Requirement
Without the pictures, can you quote each line below exactly?

Given information
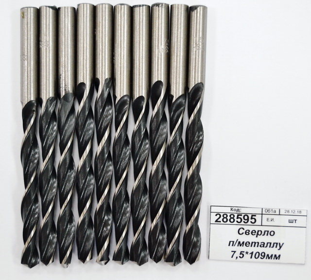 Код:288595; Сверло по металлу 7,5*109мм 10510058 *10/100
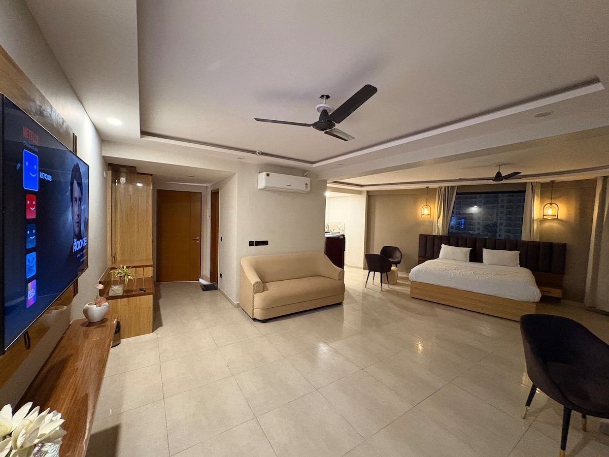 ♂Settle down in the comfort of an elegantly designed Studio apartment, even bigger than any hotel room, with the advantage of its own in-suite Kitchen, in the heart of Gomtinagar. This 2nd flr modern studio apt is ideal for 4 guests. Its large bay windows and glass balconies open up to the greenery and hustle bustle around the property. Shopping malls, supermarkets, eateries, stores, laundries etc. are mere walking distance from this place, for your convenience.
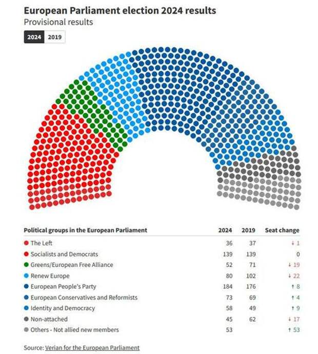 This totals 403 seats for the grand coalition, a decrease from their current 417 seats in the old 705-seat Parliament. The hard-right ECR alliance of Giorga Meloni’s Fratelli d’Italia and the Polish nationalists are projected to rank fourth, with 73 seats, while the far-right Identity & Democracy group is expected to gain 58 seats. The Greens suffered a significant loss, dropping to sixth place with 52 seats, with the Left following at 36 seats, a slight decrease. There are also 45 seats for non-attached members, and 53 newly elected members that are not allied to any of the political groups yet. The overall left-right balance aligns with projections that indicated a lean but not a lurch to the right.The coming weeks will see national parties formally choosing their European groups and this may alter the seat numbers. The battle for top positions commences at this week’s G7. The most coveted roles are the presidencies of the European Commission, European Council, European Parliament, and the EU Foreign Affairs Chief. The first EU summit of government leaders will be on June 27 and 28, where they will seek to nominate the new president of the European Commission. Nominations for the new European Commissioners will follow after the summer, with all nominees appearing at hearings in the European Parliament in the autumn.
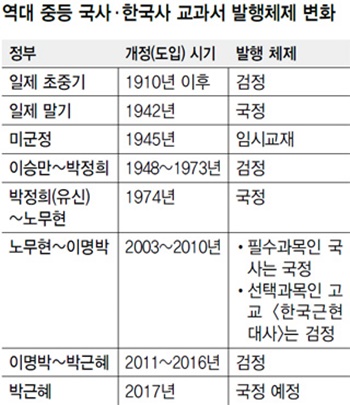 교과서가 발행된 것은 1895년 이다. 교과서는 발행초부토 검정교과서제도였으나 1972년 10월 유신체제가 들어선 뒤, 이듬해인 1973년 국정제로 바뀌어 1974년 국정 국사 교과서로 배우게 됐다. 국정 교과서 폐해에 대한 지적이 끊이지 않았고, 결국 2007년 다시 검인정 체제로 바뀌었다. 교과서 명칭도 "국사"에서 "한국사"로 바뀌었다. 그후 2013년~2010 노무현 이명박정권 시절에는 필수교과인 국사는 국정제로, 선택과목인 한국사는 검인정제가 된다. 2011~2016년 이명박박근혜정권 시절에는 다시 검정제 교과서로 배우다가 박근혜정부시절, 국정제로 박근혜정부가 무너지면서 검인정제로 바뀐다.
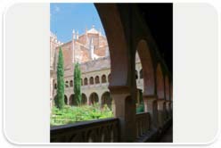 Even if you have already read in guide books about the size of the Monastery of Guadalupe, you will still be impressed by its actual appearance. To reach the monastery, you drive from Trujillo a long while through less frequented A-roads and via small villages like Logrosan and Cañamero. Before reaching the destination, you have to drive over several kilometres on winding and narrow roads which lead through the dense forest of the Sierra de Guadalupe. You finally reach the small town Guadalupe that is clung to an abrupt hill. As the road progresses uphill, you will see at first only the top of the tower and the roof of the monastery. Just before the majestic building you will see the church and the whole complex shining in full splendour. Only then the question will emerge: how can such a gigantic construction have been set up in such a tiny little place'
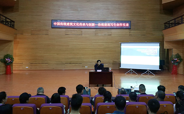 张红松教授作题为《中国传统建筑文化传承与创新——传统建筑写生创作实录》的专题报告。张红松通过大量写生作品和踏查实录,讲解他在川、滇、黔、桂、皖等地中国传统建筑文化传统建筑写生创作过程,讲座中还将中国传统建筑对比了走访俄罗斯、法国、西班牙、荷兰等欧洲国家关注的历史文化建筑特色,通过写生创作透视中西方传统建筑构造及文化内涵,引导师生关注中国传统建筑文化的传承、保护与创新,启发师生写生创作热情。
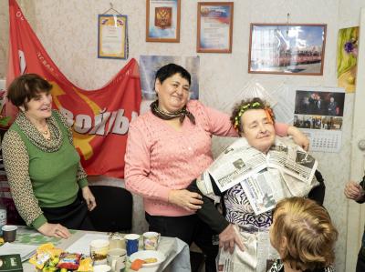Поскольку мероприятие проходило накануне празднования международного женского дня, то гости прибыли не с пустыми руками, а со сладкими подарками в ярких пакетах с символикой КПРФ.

Output for this task
 Код:288595; Сверло по металлу 7,5*109мм 10510058 *10/100
 ♂Settle down in the comfort of an elegantly designed Studio apartment, even bigger than any hotel room, with the advantage of its own in-suite Kitchen, in the heart of Gomtinagar. This 2nd flr modern studio apt is ideal for 4 guests. Its large bay windows and glass balconies open up to the greenery and hustle bustle around the property. Shopping malls, supermarkets, eateries, stores, laundries etc. are mere walking distance from this place, for your convenience.
 This totals 403 seats for the grand coalition, a decrease from their current 417 seats in the old 705-seat Parliament. The hard-right ECR alliance of Giorga Meloni’s Fratelli d’Italia and the Polish nationalists are projected to rank fourth, with 73 seats, while the far-right Identity & Democracy group is expected to gain 58 seats. The Greens suffered a significant loss, dropping to sixth place with 52 seats, with the Left following at 36 seats, a slight decrease. There are also 45 seats for non-attached members, and 53 newly elected members that are not allied to any of the political groups yet. The overall left-right balance aligns with projections that indicated a lean but not a lurch to the right.The coming weeks will see national parties formally choosing their European groups and this may alter the seat numbers. The battle for top positions commences at this week’s G7. The most coveted roles are the presidencies of the European Commission, European Council, European Parliament, and the EU Foreign Affairs Chief. The first EU summit of government leaders will be on June 27 and 28, where they will seek to nominate the new president of the European Commission. Nominations for the new European Commissioners will follow after the summer, with all nominees appearing at hearings in the European Parliament in the autumn.
 교과서가 발행된 것은 1895년 이다. 교과서는 발행초부토 검정교과서제도였으나 1972년 10월 유신체제가 들어선 뒤, 이듬해인 1973년 국정제로 바뀌어 1974년 국정 국사 교과서로 배우게 됐다. 국정 교과서 폐해에 대한 지적이 끊이지 않았고, 결국 2007년 다시 검인정 체제로 바뀌었다. 교과서 명칭도 "국사"에서 "한국사"로 바뀌었다. 그후 2013년~2010 노무현 이명박정권 시절에는 필수교과인 국사는 국정제로, 선택과목인 한국사는 검인정제가 된다. 2011~2016년 이명박박근혜정권 시절에는 다시 검정제 교과서로 배우다가 박근혜정부시절, 국정제로 박근혜정부가 무너지면서 검인정제로 바뀐다.
 Even if you have already read in guide books about the size of the Monastery of Guadalupe, you will still be impressed by its actual appearance. To reach the monastery, you drive from Trujillo a long while through less frequented A-roads and via small villages like Logrosan and Cañamero. Before reaching the destination, you have to drive over several kilometres on winding and narrow roads which lead through the dense forest of the Sierra de Guadalupe. You finally reach the small town Guadalupe that is clung to an abrupt hill. As the road progresses uphill, you will see at first only the top of the tower and the roof of the monastery. Just before the majestic building you will see the church and the whole complex shining in full splendour. Only then the question will emerge: how can such a gigantic construction have been set up in such a tiny little place'
 张红松教授作题为《中国传统建筑文化传承与创新——传统建筑写生创作实录》的专题报告。张红松通过大量写生作品和踏查实录,讲解他在川、滇、黔、桂、皖等地中国传统建筑文化传统建筑写生创作过程,讲座中还将中国传统建筑对比了走访俄罗斯、法国、西班牙、荷兰等欧洲国家关注的历史文化建筑特色,通过写生创作透视中西方传统建筑构造及文化内涵,引导师生关注中国传统建筑文化的传承、保护与创新,启发师生写生创作热情。
Поскольку мероприятие проходило накануне празднования международного женского дня, то гости прибыли не с пустыми руками, а со сладкими подарками в ярких пакетах с символикой КПРФ.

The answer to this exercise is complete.